THE PROBLEM: Repeat the data that follows exactly, starting at the line with "square Two Pottery" and ending at the line with "据资料介绍,贾浅浅目前为西北", and leave out every picture.

WORKING DATA:
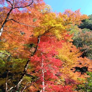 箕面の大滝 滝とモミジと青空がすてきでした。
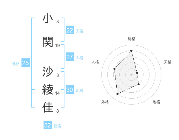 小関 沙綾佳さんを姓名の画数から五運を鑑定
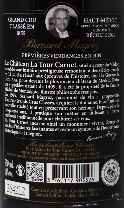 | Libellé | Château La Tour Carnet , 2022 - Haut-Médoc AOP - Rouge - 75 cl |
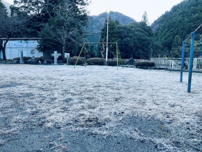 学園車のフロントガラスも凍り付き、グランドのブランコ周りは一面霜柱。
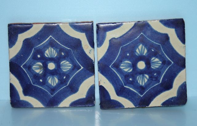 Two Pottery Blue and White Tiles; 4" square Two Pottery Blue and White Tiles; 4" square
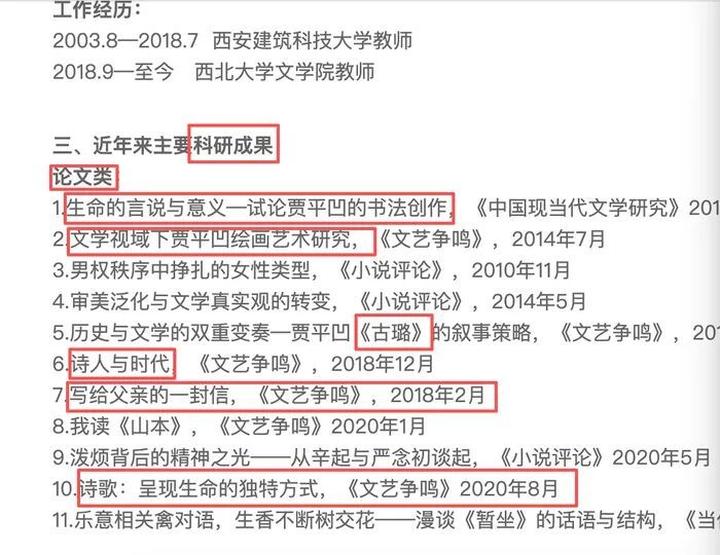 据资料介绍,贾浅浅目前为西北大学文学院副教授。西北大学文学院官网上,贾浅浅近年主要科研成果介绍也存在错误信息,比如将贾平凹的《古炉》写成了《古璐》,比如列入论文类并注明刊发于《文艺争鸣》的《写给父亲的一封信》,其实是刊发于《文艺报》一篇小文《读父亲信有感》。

==

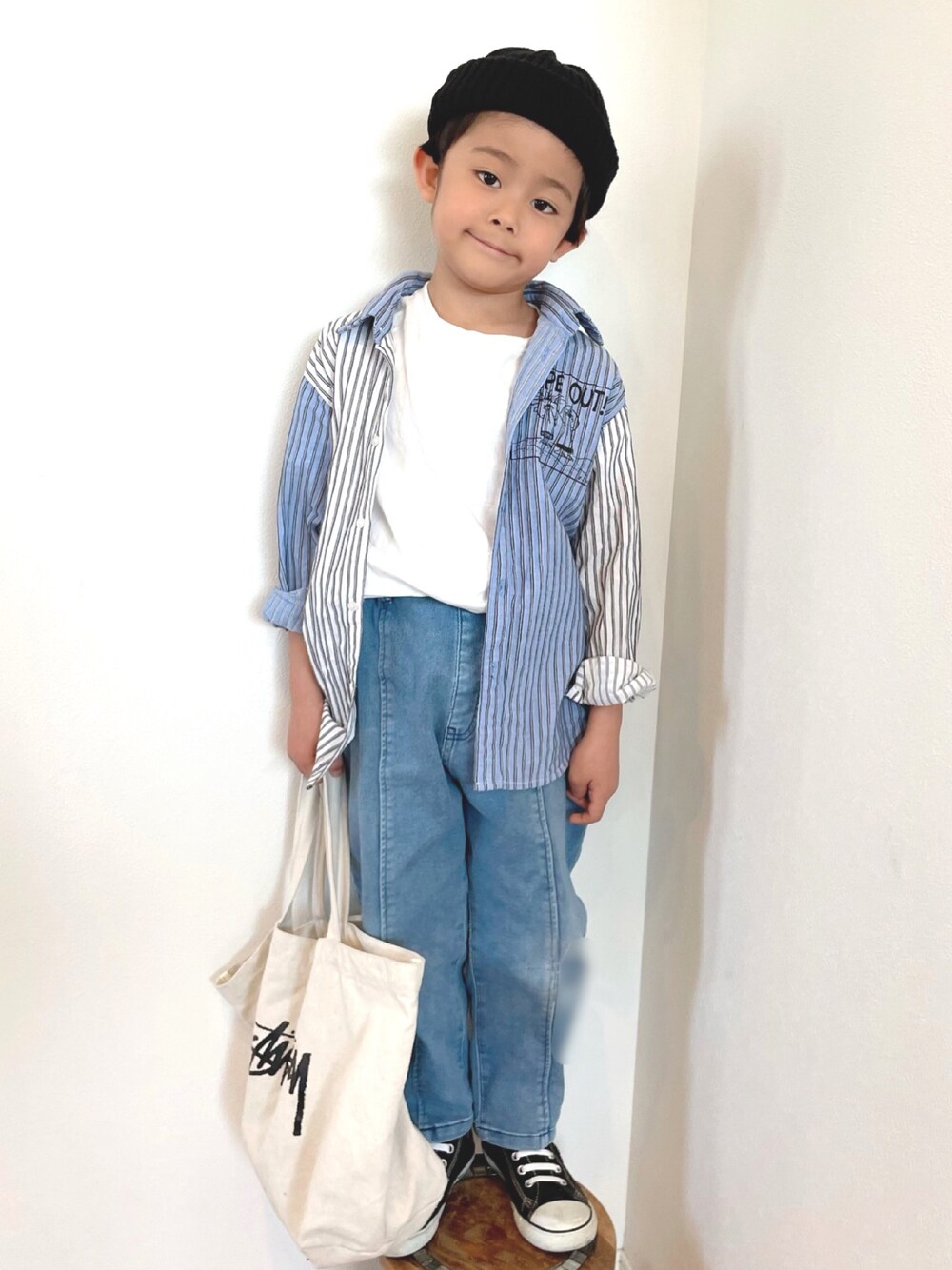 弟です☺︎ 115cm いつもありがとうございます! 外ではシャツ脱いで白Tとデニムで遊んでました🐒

FINISHED TASK:
 Two Pottery Blue and White Tiles; 4" square Two Pottery Blue and White Tiles; 4" square
 据资料介绍,贾浅浅目前为西北大学文学院副教授。西北大学文学院官网上,贾浅浅近年主要科研成果介绍也存在错误信息,比如将贾平凹的《古炉》写成了《古璐》,比如列入论文类并注明刊发于《文艺争鸣》的《写给父亲的一封信》,其实是刊发于《文艺报》一篇小文《读父亲信有感》。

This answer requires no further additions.